I do agree that it does look like it has been done by an apprentice but the way you have written that isn't very nice at all. You could have went about that a whole different way without being insulting.
You are rude.


----------



## diamonddan (Feb 27, 2008)

'constructive criticism'. was all i added , if she dont want to hear it than dont post it ...


----------



## Wrasse (Feb 27, 2008)

I love it. 

Loved the studio too, very professional and very helpful. I am going back there for my next tatt as soon as I find the perfect design for what I want. 

Way to go Tsi !


----------



## Renagade (Feb 27, 2008)

i like the gecko, not to sure about the shadowing.


----------



## Sidonia (Feb 27, 2008)

diamonddan said:


> 'constructive criticism'. was all i added , if she dont want to hear it than dont post it ...



I can't see how telling somebody how crap something is without any ideas/suggestions is constructive.


----------



## Sidonia (Feb 27, 2008)

Renagade said:


> i like the gecko, not to sure about the shadowing.



I thought it was very dark also for shadowing.


----------



## nightowl (Feb 27, 2008)

diamonddan said:


> 'constructive criticism'. was all i added , if she dont want to hear it than dont post it ...



sorry dude, that wasn't constructive.....more like degrading! 

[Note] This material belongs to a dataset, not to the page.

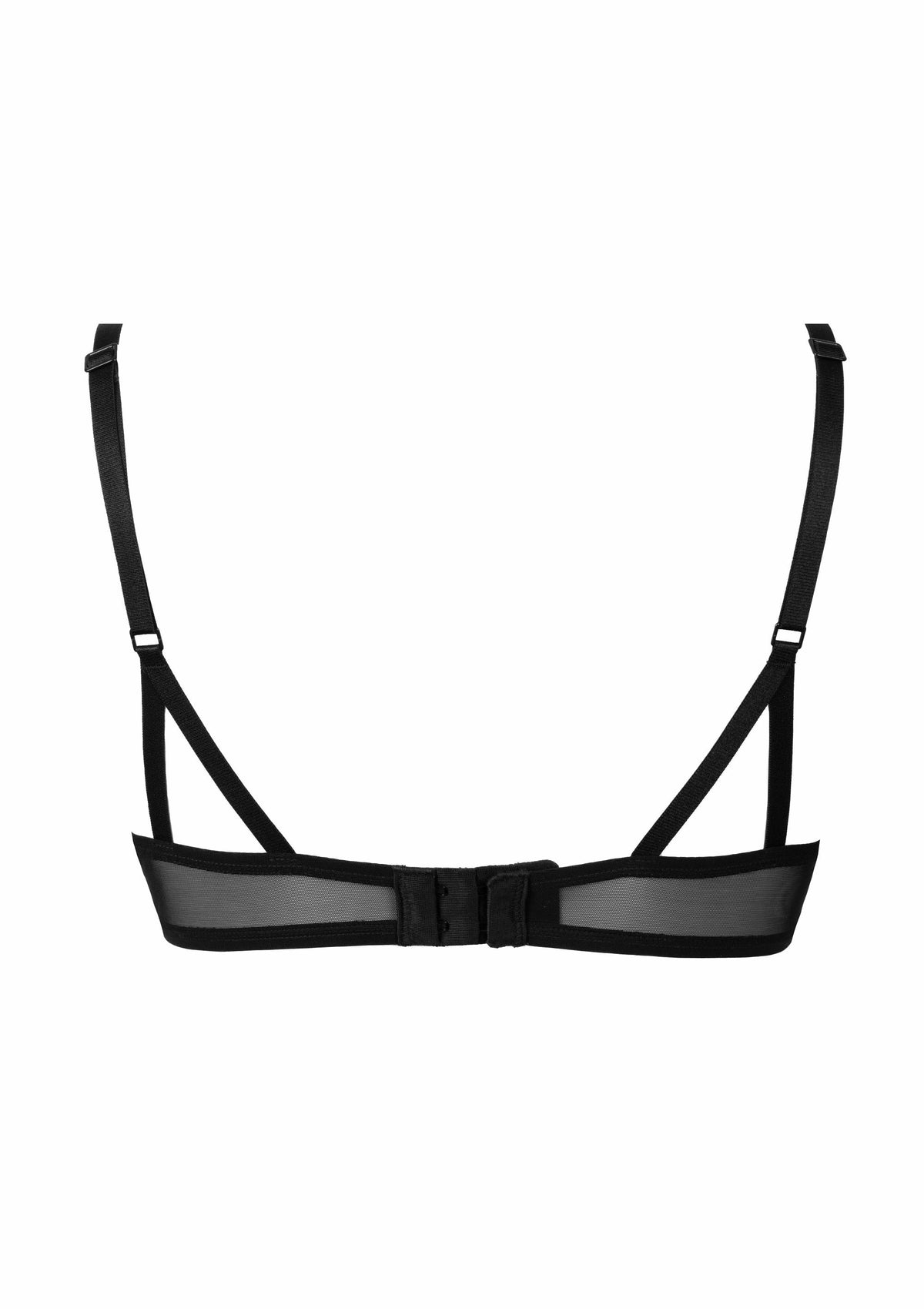 Ce triangle armaturé en tulle transparent joue avec la transparence et les contrastes. Sa broderie végétale encadre la poitrine, tandis que l’armature légère assure un maintien subtil. L'anneau doré apportent une finition précieuse à cette pièce à la fois sensuelle et confortable.

Regardless of people's opinions, thanks for posting the pic Tsidasa.


----------



## Tsidasa (Feb 27, 2008)

oh yeah the shadowing is quite dark at the moment til it heals, it will fade right back as it's grey wash


----------



## Bill07 (Feb 27, 2008)

see how tattooing drags everything down all starts nice then bang just like society now this practice has become commonplace society has also begun to be dragged down with it


----------



## Tsidasa (Feb 27, 2008)

rofl bill


----------



## itbites (Feb 27, 2008)

*looks ok*


----------



## itbites (Feb 27, 2008)

*Anyways good concept that shakey outline can be re-outlined quite easily also..*


----------



## dragon-lover (Feb 27, 2008)

Kool!! thats awsome Jen


----------



## Tsidasa (Feb 27, 2008)

dragon-lover said:


> Kool!! thats awsome Jen


cheers Shell =)


----------



## Meechee (Feb 27, 2008)

Think someone needs to take a chill pill


----------



## mckellar007 (Feb 27, 2008)

awsome tatt!!


----------



## Trouble (Feb 27, 2008)

AWESOME looking tattoo Tsidasa  Great design

Diamonddan, wake up to yourself... I bet you don't know art when you see it.
As for those 'stretchmarks', I don't know where you got it from...
Great way to ruin a thread, thanks alot :evil:


----------



## Sidonia (Feb 27, 2008)

I apologies for my comments.

I am always analyzing tattoos/art at the moment because I am trying to find wants best for me so right now instead of just appreciating a tattoo for what it is I’m breaking it down and criticizing because I want what’s best for me.

I do not think your tattoo is bad and I’m sorry for offending you, I had no intention of offending you when I posted. I just didn’t think properly before I started going off in my little rant.

You didn’t ask for criticism and I shouldn’t have given it.


----------



## Surfcop24 (Feb 27, 2008)

VERY CUTE!!!...... Love it...


----------



## moosenoose (Feb 27, 2008)

I like it, and the colours are superb. Any blind fool can see it's a gecko so what's the problem?  Beats my fish tatt.....that for sure :lol: hehehehe


----------



## kelly (Feb 27, 2008)

Looks good Jen!
Don't worry about "some people" (idiots, know-it-alls etc)


----------



## FAY (Feb 27, 2008)

Enough said...


----------